Here are the .dvi and .ps and html versions of my 1970s essay on computer controlled cars. A Web page is included in my Technological Opportunities for Humanity page. This Computer Controlled cars is being updates. Here is the Web page for the CMU Automated Highway System project. The CMU project is proceeding with similar goals to those suggested in the ancient essay.

I don't know if the proposed 1970s schedule could have been met had there been enough money. I suspect that even if there had been the money, there wouldn't have been enough capable and dedicated people. The hardware would also have taken a while to catch up with the requirements of the project.

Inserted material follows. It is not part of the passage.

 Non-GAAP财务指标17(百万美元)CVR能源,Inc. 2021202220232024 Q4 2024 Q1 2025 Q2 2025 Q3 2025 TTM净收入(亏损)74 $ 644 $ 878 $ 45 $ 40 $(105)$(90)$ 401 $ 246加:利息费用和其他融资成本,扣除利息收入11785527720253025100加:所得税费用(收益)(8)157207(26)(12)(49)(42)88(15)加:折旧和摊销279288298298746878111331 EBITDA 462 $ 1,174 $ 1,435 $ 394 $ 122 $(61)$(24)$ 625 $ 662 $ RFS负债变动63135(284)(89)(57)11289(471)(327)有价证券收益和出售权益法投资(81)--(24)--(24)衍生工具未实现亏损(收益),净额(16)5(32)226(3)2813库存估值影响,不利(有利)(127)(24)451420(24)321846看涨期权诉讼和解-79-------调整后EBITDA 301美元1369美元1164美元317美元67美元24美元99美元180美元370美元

From a posting to sci.environment.

1. I agree with everything he [Len Evens] wrote about the disadvantages [of suburbia and commuting by car]. Nevertheless, enough people choose it that there must be corresponding disadvantages to other ways of life - or advantages to suburbia.

2. Why do people live far from their work? (a) They value some aspect of where they live and where they work enough to justify the trouble. Neither different available work or different available living accomodations seem as good to them. (b) They are taking advantage of relatively easy transportation to optimize for different family members - husband and wife having different jobs or optimizing the children's schools as well as the adults' jobs.

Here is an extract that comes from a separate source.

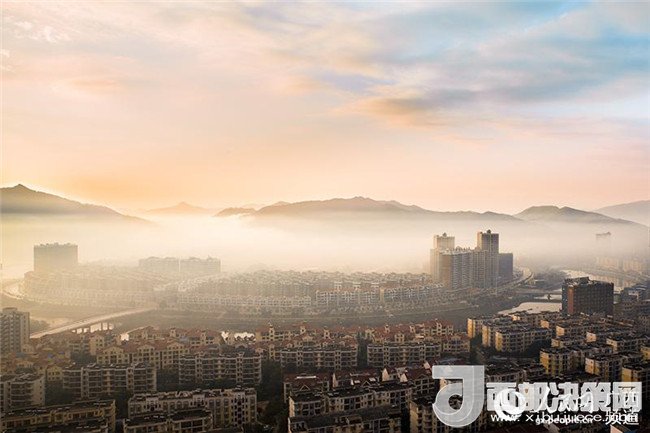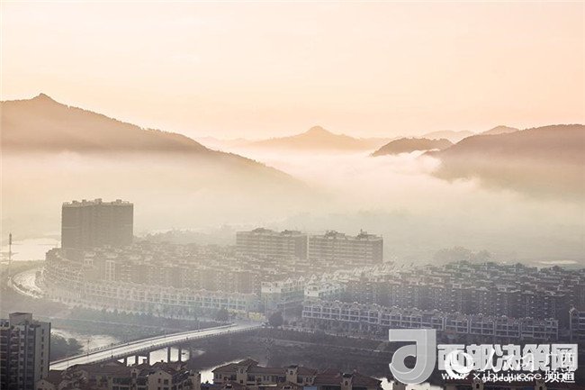 1月18日電1月18日,廣西上思縣城出現(xiàn)了平流霧奇觀,在朝陽渲染下的金黃色霧氣在低空緩緩地流動,樓房在霧氣中若隱若現(xiàn),宛若仙境。

3. The partial solution is more technology rather than more morality. More morality is harder to achieve. The birth control pill improved people's lives more than 20 centuries of preaching. Carl Djerassi clearly did a lot of good. Whether Saint Paul did any good is doubtful.

4. The computer driven car will solve some of the problems of those who can't drive. It won't come soon for two reasons. (a) Hardly anyone works on it; the CMU project has got to where I hoped we would be in the late 1960s. The money Greenpeace or the Sierra Club spend on anti-car propaganda might actually make a dent in problem. (b) But maybe not. Maybe fundamental advances in artificial intelligence are required before computer driven cars can be 10 times as safe as human driven cars.

On another matter. People, including the car companies, are being persuaded that cars of greatly lower performance, e.g. in size, in range and in acceleration, are acceptable and will be required in the future. However, if just one manufacturer, e.g. with a liquid hydrogen powered car, succeeds in maintaining present performance, then all the fine words about lower performance cars will amount to nothing. BMW seems to have a good liquid hydrogen powered prototype.

Slogan: If you want to do good, work on the technology, not on getting power.